Tom Sunic, Ph.D.
Review of The Tragedy of Bleiburg and Viktring, 1945 by Thomas Rulitz
Packaging is often of more decisive importance than content. This is particularly true today for many fine authors and their works in the field in humanities and especially in the field of modern history. For the reasons of politically incorrect content or due to editorial self-censorship, their works often fail to attract the largess of mainstream publishing houses. It has become a customary procedure for the System to relegate free thinkers and would-be heretics and their literary or scientific achievements to marginal outlets, such as self-publishing, that are very similar to those used by dissidents in the ex-Soviet Union.

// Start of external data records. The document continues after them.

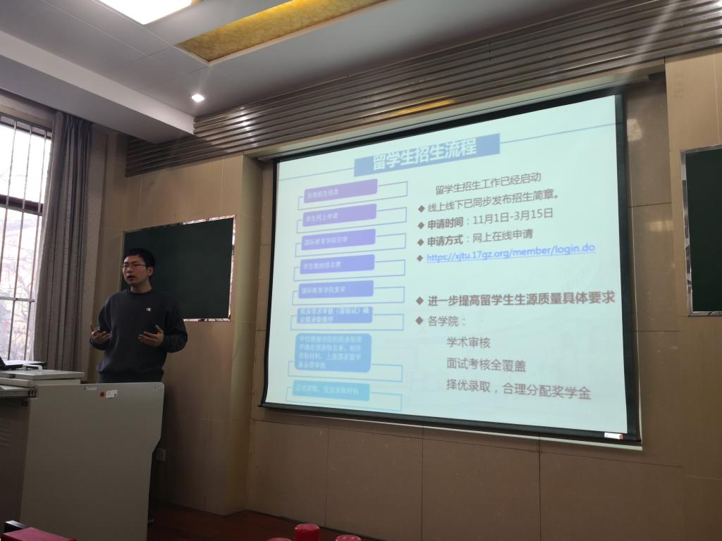 接着,温广瑞教授代表国际教育学院全面介绍了全校留学生近年来的招收情况,他特别强调,世界一流高校的留学生数量一般占全校总学生数的10%以上,而目前我校还需要加大力度,提升留学生占比;此外,将各学院横向比较来看,万象城awc官网登录入口有极大的潜力招收和培养更多的留学生,为建设“双一流”做出贡献。为了使老师们更加透彻地理解留学生招收细则,国际教育学院招生办马腾老师,向大家介绍了从学生开始申请到学生来校报到所需完成的步骤和申请流程,留学生奖学金的设置,并解答了现场教师在实际工作中所遇到的困惑。
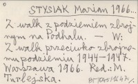 STYSIAK Marian RED: TURLEJSKA, M. ; 1966... Z walk z podziemiem zbrojnym na Podhalu.
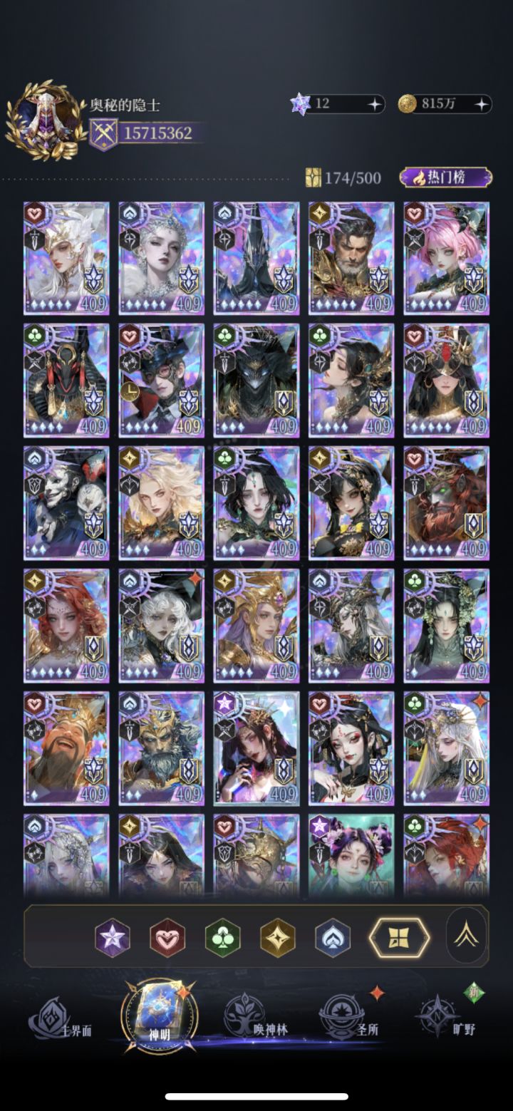 有人质疑,你是不是刷了,你是不是很肝,你是不是在人少区吃了资源。我刷没刷目前也只有8个神5,金色图腾才2个三级,钻石少的可怜。而且我在苹果3区,所有的排名活动都捞不到好名次,高阶角斗场进不了前8。宙斯哪吒也借不到,唯一借了大佬一次哪吒过500层,半天没还,大佬私我让我还,我没看到,结果把我好友删了,从那以后我都不借宙斯和哪吒了。所以通关57章真没想象中的难。搭配好过图很快的,下面言归正传。我只以

However, both by its approach and by the huge number of citations from opposing sources, the recent book by the young Austrian historian, Dr. Florian Thomas Rulitz, The Tragedy of Bleiburg and Viktring,1945, may be an exception to this unwritten rule. This book was recently published in English translation by Northern Illinois University Press, and it also contains a fine foreword by Paul Gottfried, a prominent scholar.
One merit of the author is that he taps into archives across the ideological board, quoting extensively from ex-Yugoslav communist archives, British archives, and German military archives. He also provides facsimiles and eyewitness accounts by surviving Croat and German expatriates. The book has 300 pages, out of which over a third are quotations, references and bibliographical notes. Read more »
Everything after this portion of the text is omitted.